Mathematical procedures. The least-square error optimization of the steering wheel coefficients was performed using the program Matlab on UNIX. The population vector calculation was performed by a custom program on a personal computer. All data from test results reported in the text are given as mean ± SEM
Two models of giant interneuron collaboration to determine turn direction
A group of six GIs are centrally involved in deciding the direction of the cockroach's escape turn: left and right GIs 1, 2, and 3 (Comer, 1985; Liebenthal et al., 1994; Levi and Camhi, 2000). The relative numbers or frequencies of action potentials in these different GIs constitute a critical parameter in deciding the turn direction. Fine temporal pattering within the spike trains of the GIs, although present, appears to play little or no role (Liebenthal et al., 1994;Levi and Camhi, 2000).

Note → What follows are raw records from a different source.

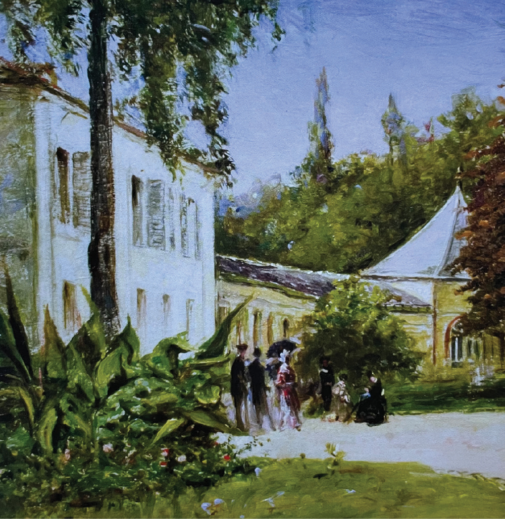
THEODOR AMAN, Plimbare în parc
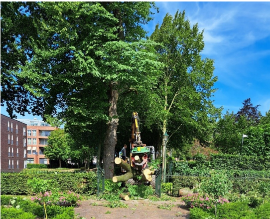
de linde wordt weggehaald

Tijdens de zomerstorm van 5 juli is een van de twee lindes bij de entree omgewaaid. De boom was eigendom van de gemeente en wordt vervangen. Helaas is de symmetrie bij de entree dan niet meer.
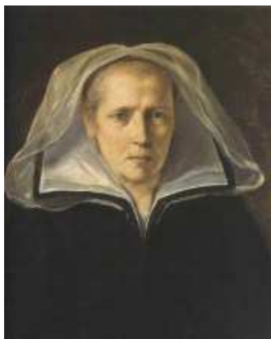
(Guido Reni, "Ritratto di vedova (ritratto della madre)", olio su tela, 1615 circa)

Accompagnati da una guida abbiamo visitato la mostra che, oltre alle opere del Cagnacci, conteneva anche confronti clamorosi (Caravaggio, Gentileschi, Guido Reni, Vouet, Guercino). Ci è stato dimostrato che chi ha dipinto la Cleopatra di Vienna e Giacobbe fra Lia e Rachele di Hampton Court non è inferiore a quei grandi ma si misura con loro alla pari, in un rapporto di appassionata competizione.
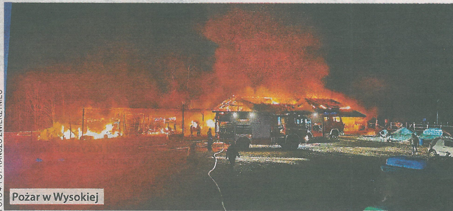
Pożar w Wysokiej

Kolejny pożar wybuchł w sobotę, 16 listopada, około 18.50 w Ranczo Zwierzyniec w Wysokiej (powiat su-
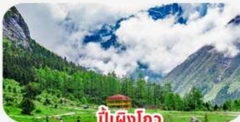
ปีเผิงโกว
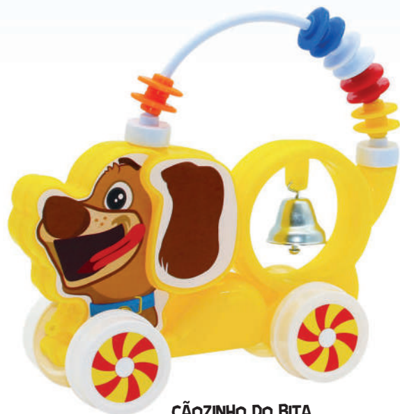
CÃOZINHO DO BITÁ REF: 0115

EAN13: 7896744801156 DUN14: 17896744801153 MEDIDAS: 23 X 08 X 19 CM CAIXA MASTER: 06 PEÇAS FAIXA ETÁRIA: 06 MESES PESO: 0,310 KG NCM: 95030080
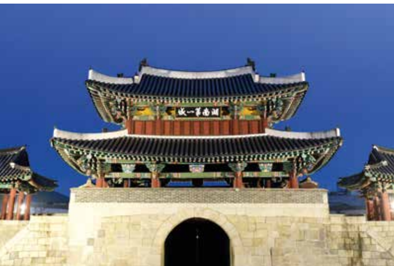
Pungnammun, la Porte du Sud de Jeonju, trésor national coréen.
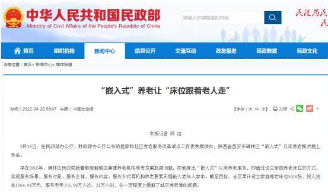
图 3-1 中华人民共和国民政部新闻媒体报道

该项目产生了积极的社会影响，2022年3月16日，在民政部办公厅、财政部办公厅公布的居家和社区养老服务改革试点工作优秀案例中，陕西省西安市碑林区“嵌入式”以床养老模式榜上有名。
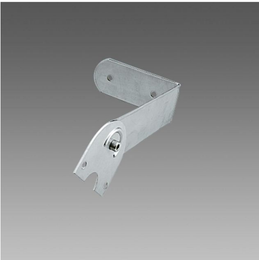
996 Staffa orientabile
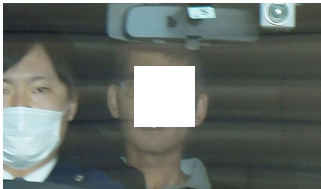
「元職員は喜怒哀楽の哀ない」同僚語る 介護施設死傷
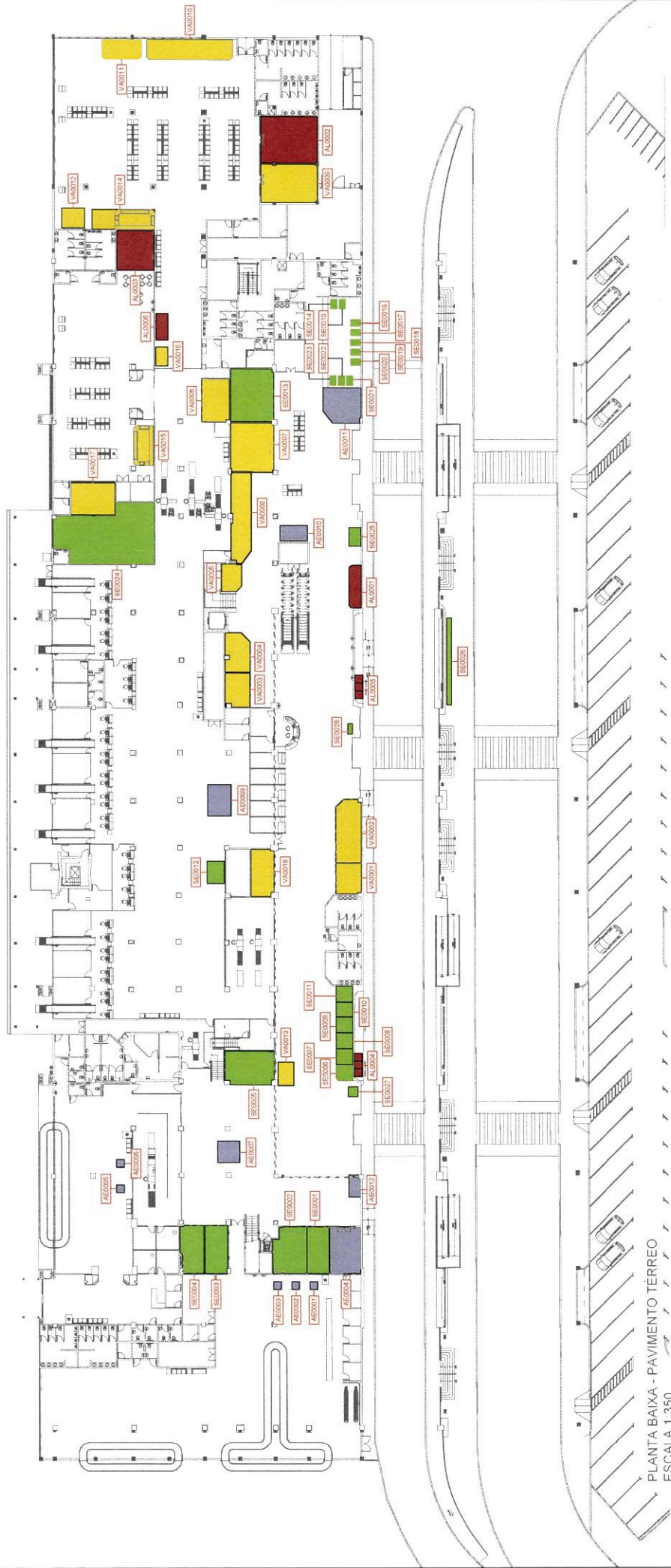
PLANTA BAIXA - PAVIMENTO TERREO ESCALA 1:350

These GIs are part of a wind-activated escape circuit. A wind gust produced by an approaching predator evokes in the cockroach a turn away from the stimulus, followed by rapid running (Camhi and Tom, 1978). The wind sensory cells, each direction-sensitive, are located on the two posterior appendages called cerci, and their axons converge on the GIs. Owing to the patterns of convergence, each GI has a unique directional response to wind (Kolton and Camhi, 1995) (Fig.1 A). The GI axons project from the last abdominal ganglion to the three thoracic ganglia in which they activate further groups of interneurons, and ultimately the leg motor neurons.
One model that could, in principle, account for the determination of turn direction by GIs is called here steering wheel and is shown in Figure 1 B (top panel). (In the sketches of this and the following population vector model, we include for simplicity only the more directional GIs: left and right GI2 and GI3. Below, however, we test each model both with and without GI 1.) By this mechanism, each GI acts as though to turn a steering wheel in a given direction, either clockwise (thus contributing to a right turn) or counterclockwise (contributing to a left turn). The more spikes a given GI gives in response to wind, the stronger its effect. Thus, with the wind coming from the right (Fig. 1 A), the counterclockwise arrows dominate (Fig.1 B), resulting in a left turn (Fig. 1 C). In the simplest form of this mechanism, each spike in any GI would produce a turn of equivalent strength. As a slight elaboration of the mechanism that improves the model, different GIs are assigned different weightings of the effectiveness of each of their spikes. Note, for instance, that in Figure 1 B, the circular arrow of right GI3 is longer than that of right GI2, although the wind in this model, from 90° right, evokes more spikes in right GI2 than in right GI3 (Fig. 1 A).
According to this steering wheel model, the final turn direction is calculated as the summation of all these partial pushes on the wheel: some clockwise and others counterclockwise, as seen in Figure1 B, bottom panel. If the wind were to come from an angle different from 90° right, say closer to the right front, right GI3 would give more spikes than right GI2. Owing to the greater weighting of the spikes of GI3 than GI2, the cockroach would thus turn more sharply to the left. The steering wheel model is similar to models that have been presented before to account for the cockroach's turn direction (Dowd and Comer, 1988; Camhi, 1988) and shares with them the idea of a summation of spikes from the two sides pushing in opposite directions. This has been the main conceptual framework to date for understanding the higher organization of this cockroach system.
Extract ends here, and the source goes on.